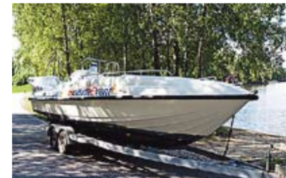
Den spesialbygde båten var et prosjekt da den ble kjøpt i Florida. Straks er den klar for sin første tur på sjøen.

1. august blir Kanallekene arrangert i området rundt slusene i Ørje. Da kan en med egne øyne se hva parasailing går ut på.
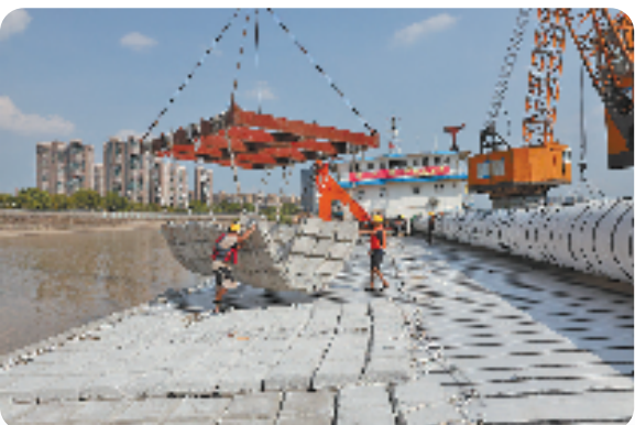
钱塘江西江塘闻堰段海塘提标加固工程施工现场

| WHAT THE EXERCISE ASKS |
From the line containing "1. august blir" to the end of the data above, give those lines again verbatim, with both endpoints included and no images.

| THE COMPLETED TASK |
1. august blir Kanallekene arrangert i området rundt slusene i Ørje. Da kan en med egne øyne se hva parasailing går ut på.
钱塘江西江塘闻堰段海塘提标加固工程施工现场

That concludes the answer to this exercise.